A Most Violent Year est le troisième film d’un réalisateur qui, tout doucement, est en train de devenir une valeur sûre du cinéma américain actuel : JC Chandor. En l’espace de deux films, Margin Call et All Is Lost, ce metteur en scène, qui a bouffé du lion, a réussi à se faire un nom malgré une carrière ayant commencé dans la douleur. Au point que son A Most Violent Year, malgré sa date de sortie handicapante (sortir un tel film le 31 Décembre 2014…), était attendu au tournant. Doté d’un budget conséquent de dix-neuf millions de dollars, soit le plus important de sa carrière encore balbutiante, le réalisateur a vu son œuvre être plébiscitée à Cannes, et remporte même le prix National Board of Review du meilleur film. A Most Violent Year s’annonçait donc sous les meilleurs auspices.

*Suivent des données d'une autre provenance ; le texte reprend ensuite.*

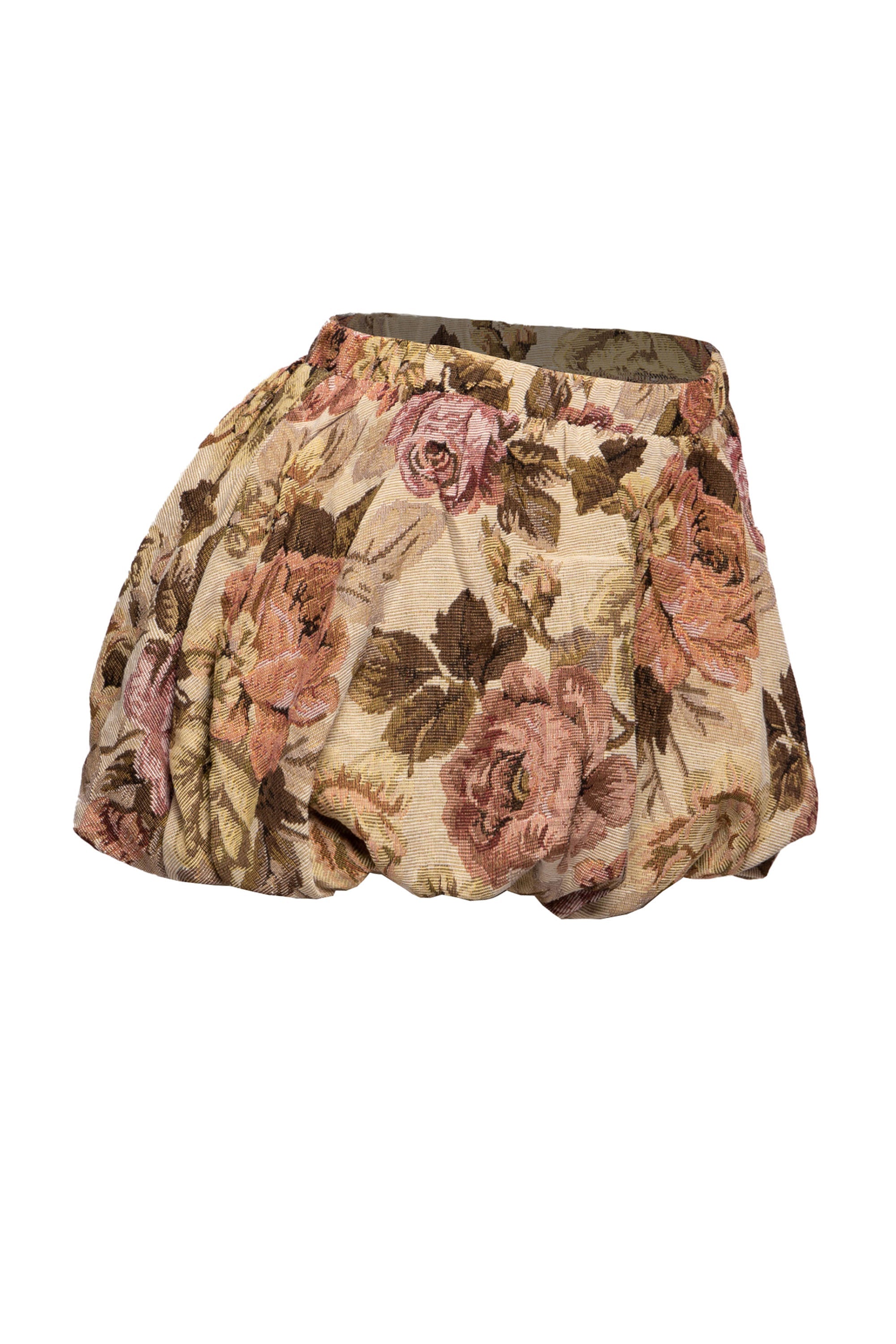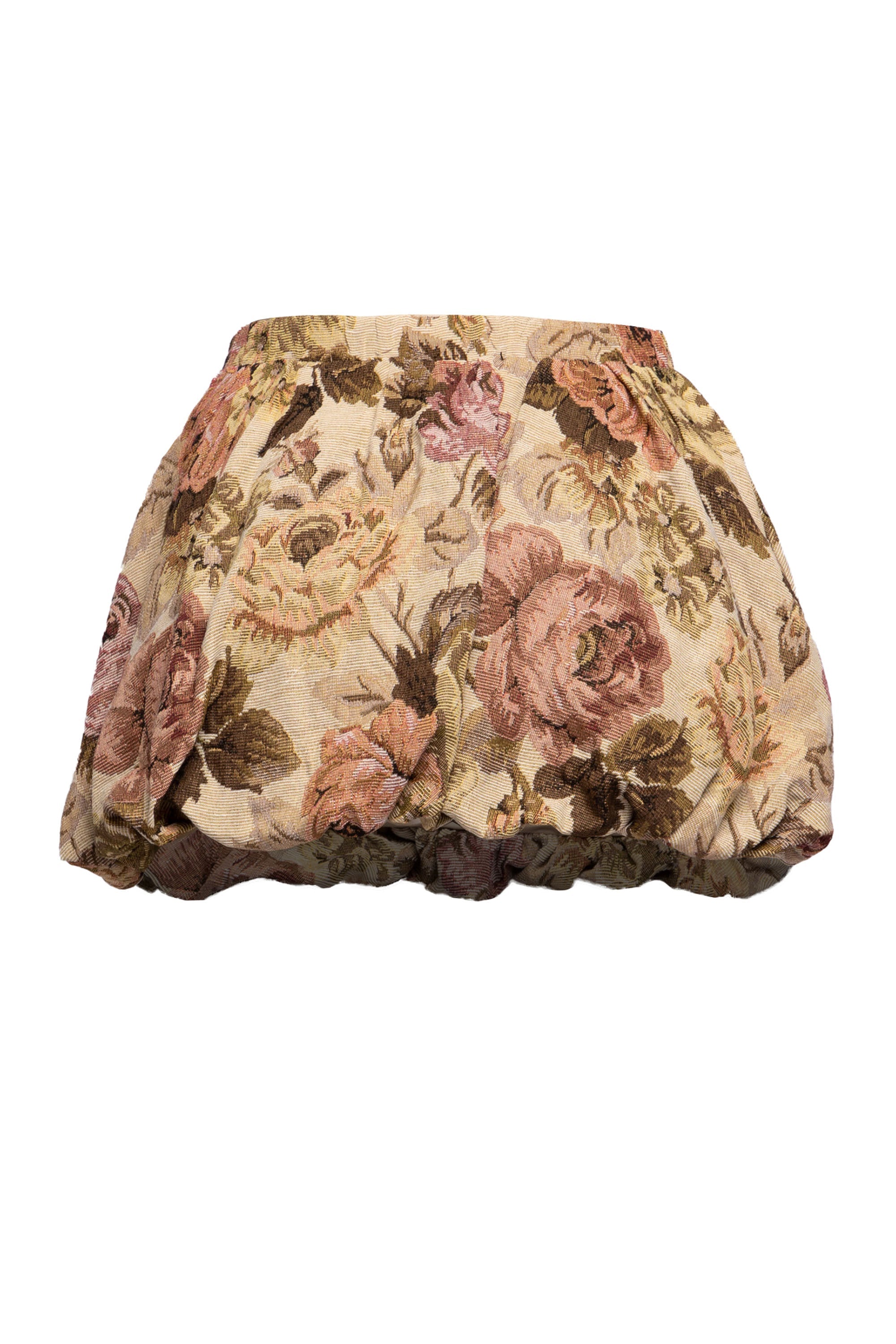 • Floral designed • Bubble hem • Mini skirt • Waist band • Pull on style • SELF:100%Polyester • LINING:100%Polyester...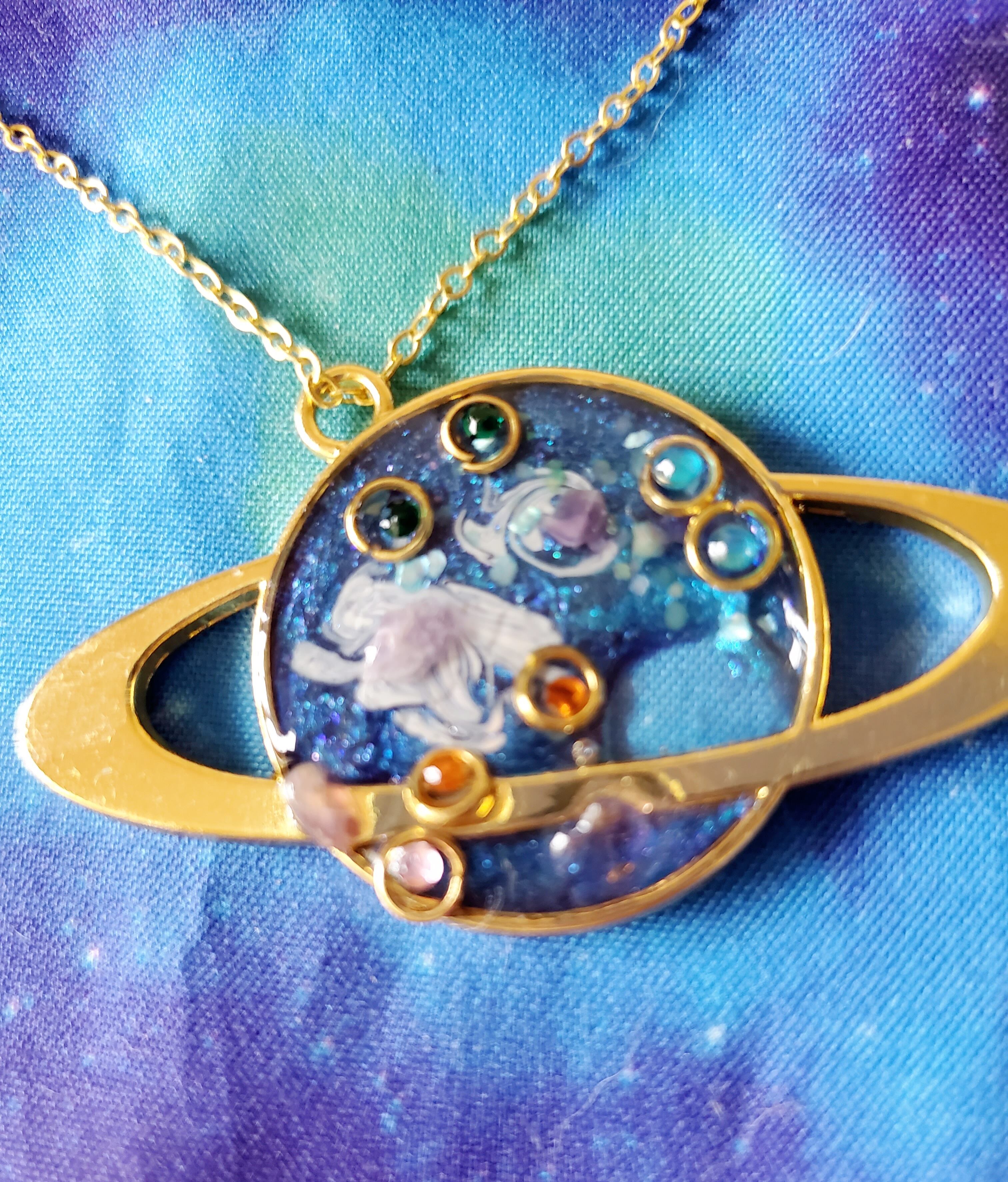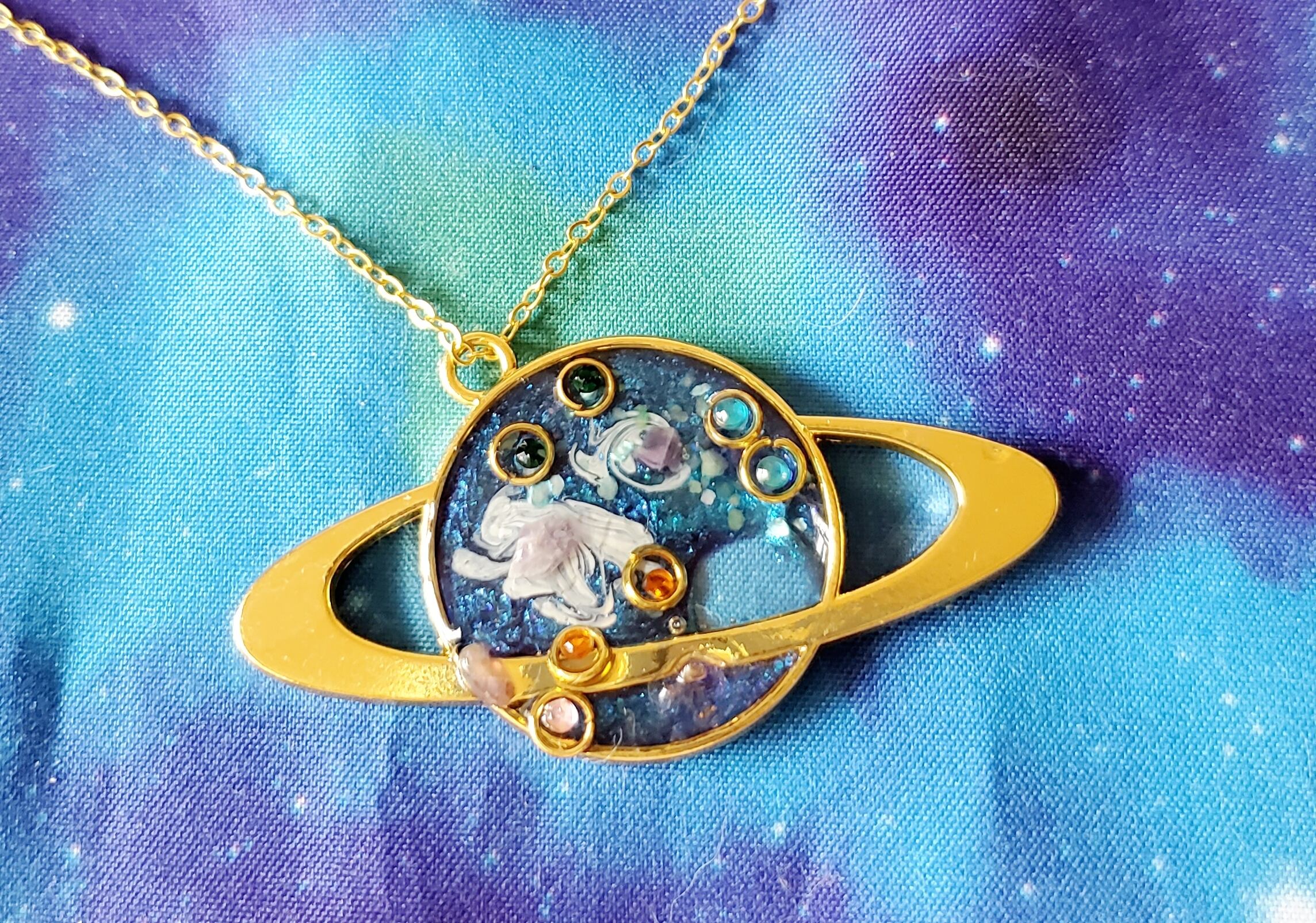 薄い青と紫をベースに色をつけ、アメジストと丸カンを散らばせて各色のダイヤストーンをちりばめて、白のグリッターで仕上げました。

A Most Violent Year prend place à New York, pendant l’hiver d’une année 1981 qui fut la plus meurtrière pour Big Apple. Abel Morales (Oscar Isaac, vu dans Inside Llewyn Davis) est un immigré hispanique, et son entreprise, dans le domaine du pétrole, est en passe de devenir l’une des plus importantes du pays. Alors qu’une guerre froide semble se déclarer dans ce business florissant, il achète le terrain le plus intéressant de la ville, tourné à la fois vers l’océan et les terres. Pour ce faire, l’homme d’affaires verse aux propriétaires un acompte de sa poche, et doit verser plus d’un million de dollars d’ici un mois, sans quoi l’affaire capotera et l’argent précédemment confié restera dans les poches du vendeur. Alors que tout semble bien verrouillé, les banques prêtes à soutenir le projet, rien ne se passe comme prévu. Abel fait alors face à la corruption, la violence d’un environnement délétère.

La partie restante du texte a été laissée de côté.